6 thoughts on “eBay Powerseller Gets a Chance to Inform Management”

  1. His mistake is he thinks that eBay cares. They don’t.

    I’ve been on BBC eBay since 98 with over 1 million in sales – and they don’t listen to me ….

    Good luck to him !

  2. The biggest loss for eBay management on the platform is its determined effort to move away from consumer to consumer transactions. The best buyers were other sellers. That why feedback went both ways, their thought to stop negatives for buyers because other sites didn’t rate their buyers is foolish, eBay wasn’t rating buyers, other consumers were. When people sold on eBay, they had money to spend on eBay. It was a kind of closed market, except new people were joining all the time. But their push to invite big box stores lost their way. Sure Toys R Us sold a lot, but they never bought anything. Why not be the best consumer to consumer site, instead of the 5th or 6th best business to consumer site?

  3. Ebay management has had PowerSellers and regular sellers informing them of issues long before Donohoe took control as CEO. They didn;t listen much back then and under Donohoe they finally did start listening to Sellers. The problem was they always did the opposite of what the Sellers told them was needed and it has been that way ever since. What makes anybody think that this person is going to have any more influence with Ebay than those that were invited for roundtable conferences way back when?

    I wish this person nothing but the best, but have no faith in Ebay management doing anything that is going to be good for the Sellers unless it allows them to dig even deeper into their pocketbooks.

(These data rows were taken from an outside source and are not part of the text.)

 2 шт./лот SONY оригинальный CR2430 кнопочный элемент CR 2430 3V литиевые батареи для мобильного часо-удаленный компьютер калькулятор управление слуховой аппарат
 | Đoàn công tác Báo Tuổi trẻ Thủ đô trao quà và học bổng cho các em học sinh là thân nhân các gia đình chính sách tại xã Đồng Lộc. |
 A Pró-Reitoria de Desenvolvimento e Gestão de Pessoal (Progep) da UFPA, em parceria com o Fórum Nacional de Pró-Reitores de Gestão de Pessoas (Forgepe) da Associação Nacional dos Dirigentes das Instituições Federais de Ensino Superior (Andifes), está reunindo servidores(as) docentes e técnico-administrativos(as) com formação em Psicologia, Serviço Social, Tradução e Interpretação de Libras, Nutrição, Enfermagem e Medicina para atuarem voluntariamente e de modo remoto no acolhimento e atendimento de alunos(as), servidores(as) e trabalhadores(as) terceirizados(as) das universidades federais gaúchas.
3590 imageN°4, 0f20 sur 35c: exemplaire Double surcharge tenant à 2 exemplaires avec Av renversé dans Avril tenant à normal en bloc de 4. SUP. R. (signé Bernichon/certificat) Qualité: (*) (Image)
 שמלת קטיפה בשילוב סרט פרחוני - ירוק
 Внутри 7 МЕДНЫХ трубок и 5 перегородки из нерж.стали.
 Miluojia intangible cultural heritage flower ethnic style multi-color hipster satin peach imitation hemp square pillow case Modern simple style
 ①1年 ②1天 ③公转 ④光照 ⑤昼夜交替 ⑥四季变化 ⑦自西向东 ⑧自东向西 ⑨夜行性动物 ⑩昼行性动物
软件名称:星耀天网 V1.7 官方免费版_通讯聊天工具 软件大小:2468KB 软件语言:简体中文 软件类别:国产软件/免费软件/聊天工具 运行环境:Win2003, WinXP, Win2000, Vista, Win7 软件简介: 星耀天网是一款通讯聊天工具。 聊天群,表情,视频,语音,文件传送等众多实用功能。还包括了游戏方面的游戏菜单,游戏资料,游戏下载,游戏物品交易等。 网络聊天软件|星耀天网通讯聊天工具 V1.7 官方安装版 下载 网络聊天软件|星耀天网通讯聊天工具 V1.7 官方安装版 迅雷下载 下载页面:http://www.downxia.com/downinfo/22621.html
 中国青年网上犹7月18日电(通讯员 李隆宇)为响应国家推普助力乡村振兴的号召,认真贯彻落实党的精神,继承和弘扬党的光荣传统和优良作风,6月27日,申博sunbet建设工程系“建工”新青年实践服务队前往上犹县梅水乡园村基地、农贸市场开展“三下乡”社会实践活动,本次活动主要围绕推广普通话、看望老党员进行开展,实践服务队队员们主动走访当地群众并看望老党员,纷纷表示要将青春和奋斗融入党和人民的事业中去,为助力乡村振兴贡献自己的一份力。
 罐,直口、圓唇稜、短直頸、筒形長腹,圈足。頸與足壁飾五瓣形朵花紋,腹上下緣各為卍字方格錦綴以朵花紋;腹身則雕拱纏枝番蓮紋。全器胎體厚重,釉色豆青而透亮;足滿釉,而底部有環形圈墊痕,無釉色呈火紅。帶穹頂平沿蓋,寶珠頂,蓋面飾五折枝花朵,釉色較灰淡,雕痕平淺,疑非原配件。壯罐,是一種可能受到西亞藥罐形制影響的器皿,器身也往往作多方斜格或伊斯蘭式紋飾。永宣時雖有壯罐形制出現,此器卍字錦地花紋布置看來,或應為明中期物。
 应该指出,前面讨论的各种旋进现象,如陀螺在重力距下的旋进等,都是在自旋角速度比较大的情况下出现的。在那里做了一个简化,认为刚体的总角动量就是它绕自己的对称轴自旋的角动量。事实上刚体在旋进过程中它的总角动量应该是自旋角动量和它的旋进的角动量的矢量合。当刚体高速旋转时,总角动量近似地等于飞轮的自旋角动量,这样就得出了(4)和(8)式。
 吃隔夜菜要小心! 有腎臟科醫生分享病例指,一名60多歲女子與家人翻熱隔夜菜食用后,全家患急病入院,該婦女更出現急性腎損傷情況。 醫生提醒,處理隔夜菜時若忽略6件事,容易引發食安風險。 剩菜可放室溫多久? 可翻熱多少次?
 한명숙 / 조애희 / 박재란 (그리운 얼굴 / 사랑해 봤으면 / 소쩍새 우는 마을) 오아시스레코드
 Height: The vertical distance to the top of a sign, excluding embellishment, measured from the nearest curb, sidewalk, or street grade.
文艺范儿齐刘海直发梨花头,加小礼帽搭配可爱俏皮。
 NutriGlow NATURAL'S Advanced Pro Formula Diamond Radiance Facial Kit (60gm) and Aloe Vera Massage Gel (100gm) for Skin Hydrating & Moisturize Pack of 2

I hope he does not drink to much of the kool aid during his internship.

  4. “what would you tell Straus to pass along to eBay management?”

    1) FIRE/LAY OFF %50 of the do nothing people in San Jose

    2) Close Walkers West and divide the funds between all the sellers they stole from over the last year or so

    3) Wake up SLEEPY GRIFF and remind him his title is SELLER PROTECTION and not SELLER DAMAGING

    4) Find the 2 Walmart idiots and explain SELLING to them ….

  5. Straus is wasting his time. Nothing good will come from his time wasted as no one at fleecebay care about doing things that help sellers.

    I thought fleecebay dumped the powersllers, or is Straus the last one?

  6. @RL15 I didn’t catch that til you pointed it out. Eight days after ending the powerseller program, eBay touted the program (“Sam’s connection to eBay is not limited to his summer internship. He is also a Power Seller himself,…”).